The Light Brigade
Page 24
S: You gave it to the brass. I just took a peek.
I: I am an intelligence officer. As you have seen, I do not engage in advanced interrogation techniques. But your continued evasiveness is tempting me.
S: You asked about doppelgangers. But that’s a bit of a tired old idea, isn’t it? Hardly easy to do with today’s advancements in organics. What do you know about time distortions caused by corporate deployment technology?
I: Why don’t you tell me?
S: I want my shoes back.
I: Answer and I’ll consider it.
(SILENCE 45 seconds)
S: I have all the time in the world, Sergeant. Do you?
(SILENCE 110 seconds)
I: Go get the shoes.
(SILENCE: 140 seconds)
I: Is that better?
S: Yeah, I’ll need these later.
I: For all the jogging you’re going to do?
S: Oh, look at you, feeling feisty. I knew you had a sense of humor. And a keen interest in the past.
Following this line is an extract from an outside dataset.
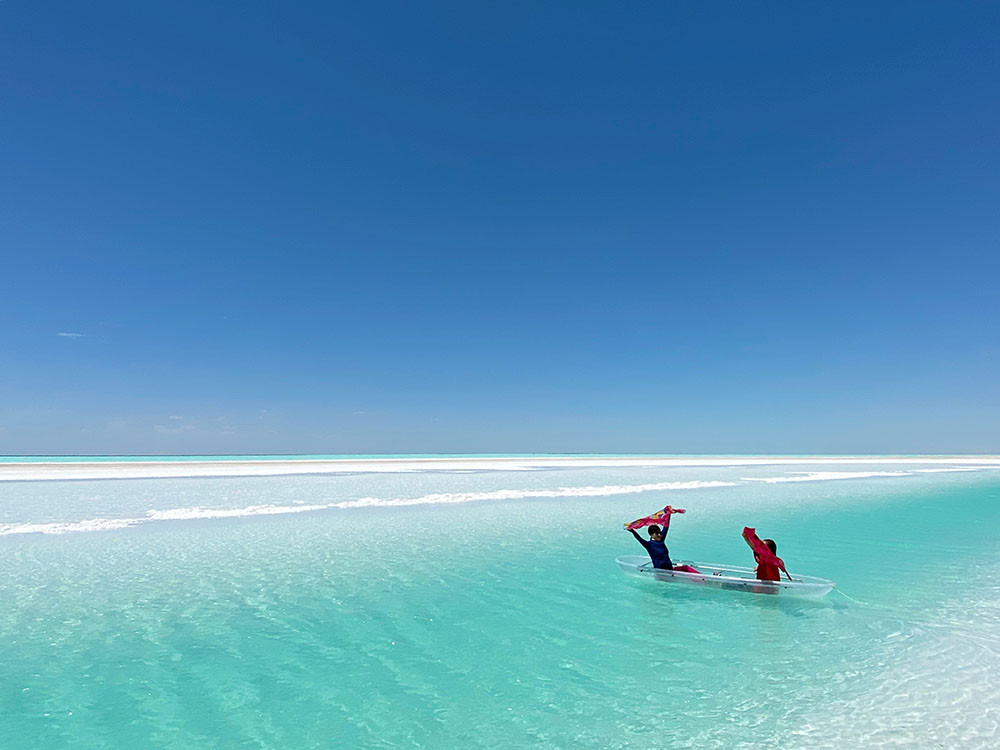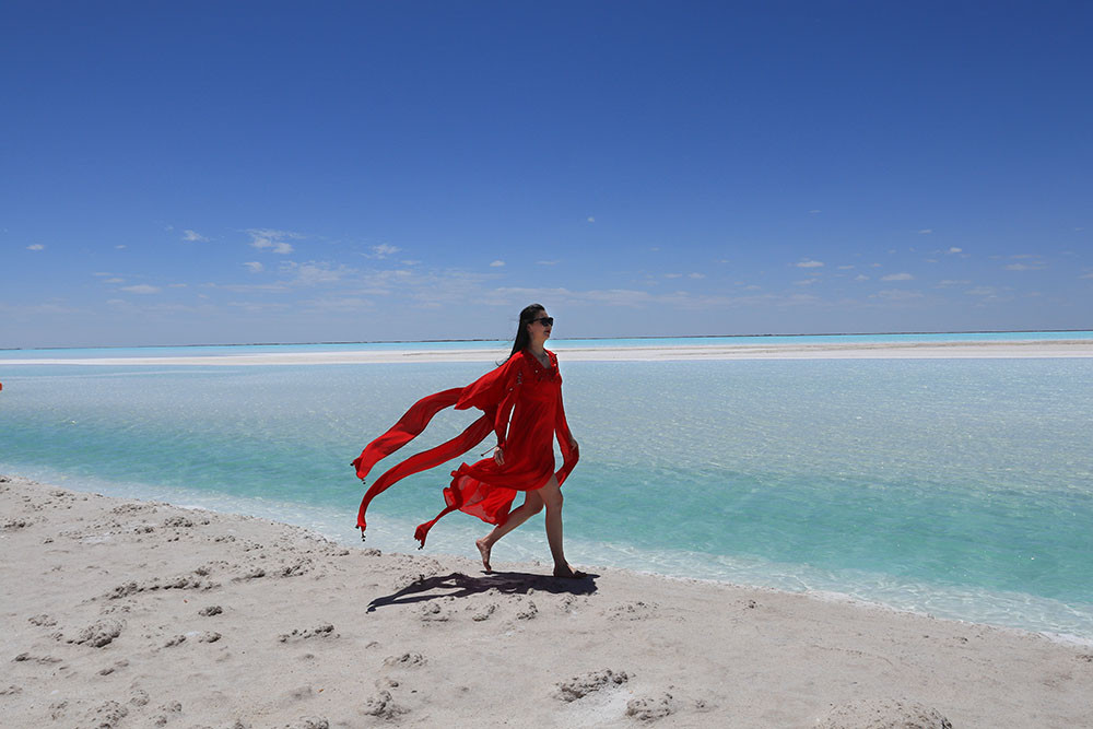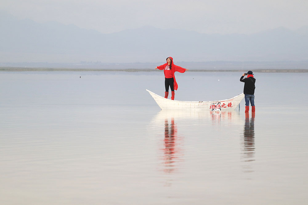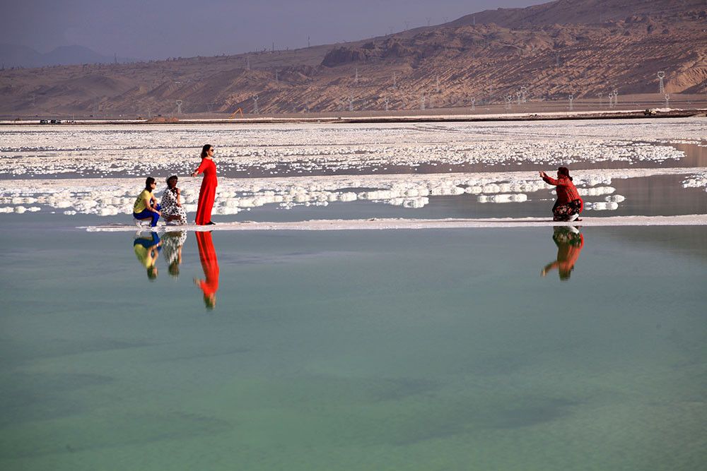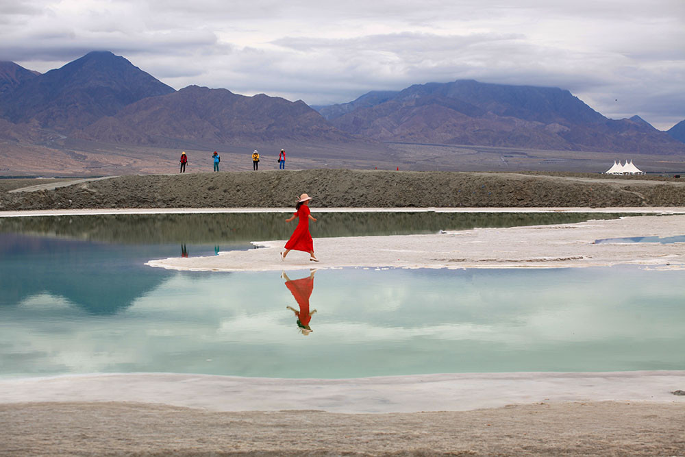 茫崖翡翠湖也非常漂亮,都是盐场开采留下的水坑,盐场在景区用盐修建了一个大大的T型台,供游客们走秀拍照。

Did you know Martian POW camps give you access to unrestricted media? I’m sure I mentioned that. The first thing I listened to was War of the Worlds. You know what that is?
(SILENCE: 7 seconds)
S: I’m uncertain if that look means yes or no. After a few months of media access, I understood why the corps restricted so much of it. It shows you different ways people have lived. It offers options. Gets you to thinking . . . well, is this really the only way that a society can organize itself? Was the past really a socialist cesspool of want and disease? Were people happy? What sort of problems did they have? You’d be surprised how little what drives us has changed.
I: If you aren’t a Martian infiltrator, how do you know what you do? Are you a defector? I admit we have seen some of those fools, but they didn’t live long. If that’s the case, why would you defect to Mars?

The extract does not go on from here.